Pair Corralation between Steel Partners and Valmont Industries

Given the investment horizon of 90 days Steel Partners Holdings is expected to under-perform the Valmont Industries. But the stock apears to be less risky and, when comparing its historical volatility, Steel Partners Holdings is 1.41 times less risky than Valmont Industries. The stock trades about -0.02 of its potential returns per unit of risk. The Valmont Industries is currently generating about 0.07 of returns per unit of risk over similar time horizon. If you would invest  22,521  in Valmont Industries on February 4, 2024 and sell it today you would earn a total of  2,100  from holding Valmont Industries or generate 9.32% return on investment over 90 days.
Time Period3 Months [change]
DirectionMoves Against 
StrengthInsignificant
Accuracy98.41%
ValuesDaily Returns

Steel Partners Holdings  vs.  Valmont Industries

 Performance 
       Timeline  
Steel Partners Holdings 

Risk-Adjusted Performance

0 of 100

 
Weak
 
Strong
Very Weak
Over the last 90 days Steel Partners Holdings has generated negative risk-adjusted returns adding no value to investors with long positions. Even with relatively invariable essential indicators, Steel Partners is not utilizing all of its potentials. The current stock price agitation, may contribute to short-term losses for the retail investors.
Valmont Industries 

Risk-Adjusted Performance

5 of 100

 
Weak
 
Strong
Modest
Compared to the overall equity markets, risk-adjusted returns on investments in Valmont Industries are ranked lower than 5 (%) of all global equities and portfolios over the last 90 days. Despite fairly weak primary indicators, Valmont Industries may actually be approaching a critical reversion point that can send shares even higher in June 2024.
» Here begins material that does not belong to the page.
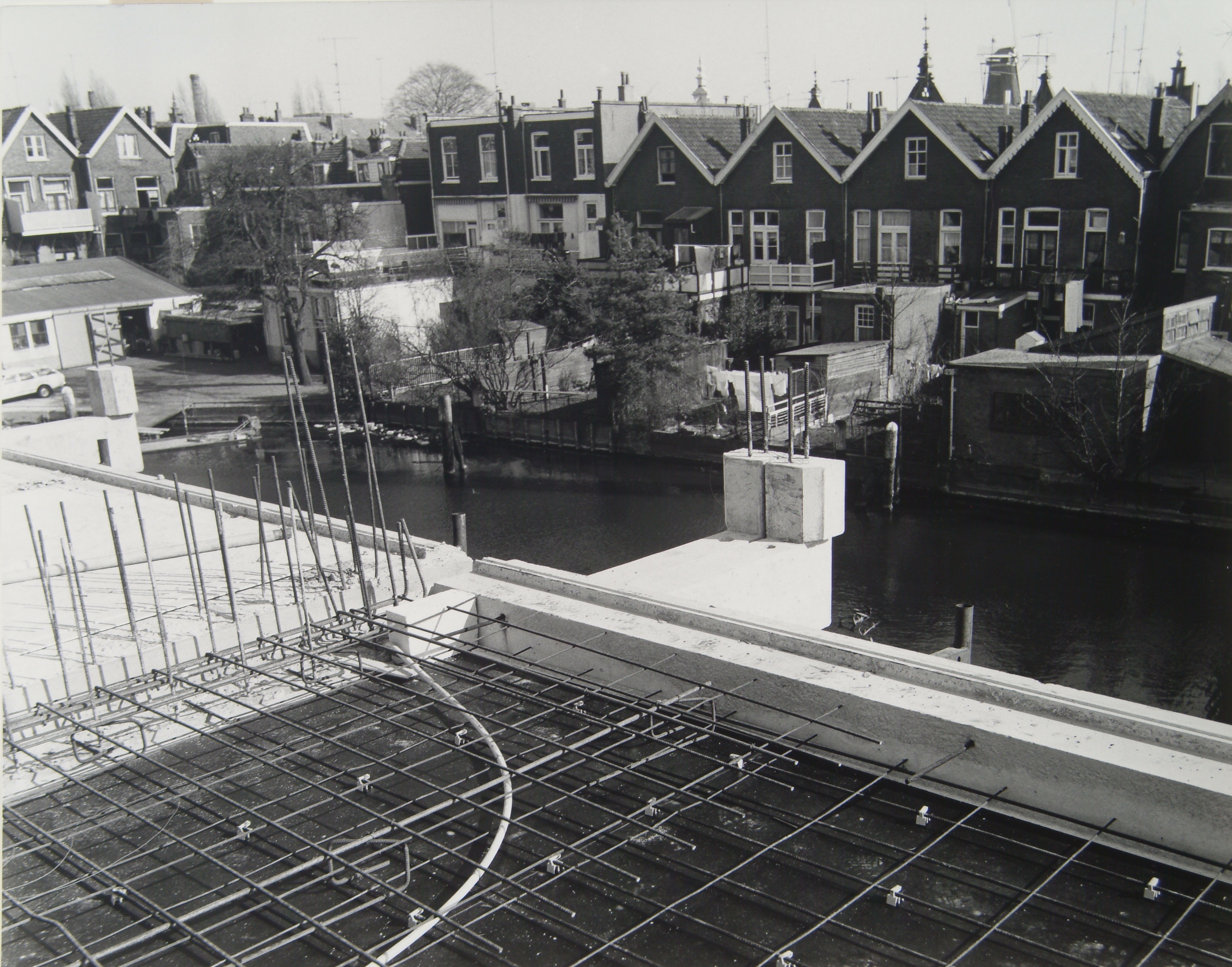 Nieuwbouw van de Veststraat in de wijk Bleijenhoek, ontworpen door architect C. Weeber, gezien over de Spuihaven naar het Kromhout. Molen Kijck over den Dijck op de achtergrond.

Steel Partners and Valmont Industries Volatility Contrast

   Predicted Return Density   
       Returns  

Pair Trading with Steel Partners and Valmont Industries

The main advantage of trading using opposite Steel Partners and Valmont Industries positions is that it hedges away some unsystematic risk. Because of two separate transactions, even if Steel Partners position performs unexpectedly, Valmont Industries can make up some of the losses. Pair trading also minimizes risk from directional movements in the market. For example, if an entire industry or sector drops because of unexpected headlines, the short position in Valmont Industries will offset losses from the drop in Valmont Industries' long position.
The idea behind Steel Partners Holdings and Valmont Industries pairs trading is to make the combined position market-neutral, meaning the overall market's direction will not affect its win or loss (or potential downside or upside). This can be achieved by designing a pairs trade with two highly correlated stocks or equities that operate in a similar space or sector, making it possible to obtain profits through simple and relatively low-risk investment.
Check out your portfolio center.
Note that this page's information should be used as a complementary analysis to find the right mix of equity instruments to add to your existing portfolios or create a brand new portfolio. You can also try the Bollinger Bands module to use Bollinger Bands indicator to analyze target price for a given investing horizon.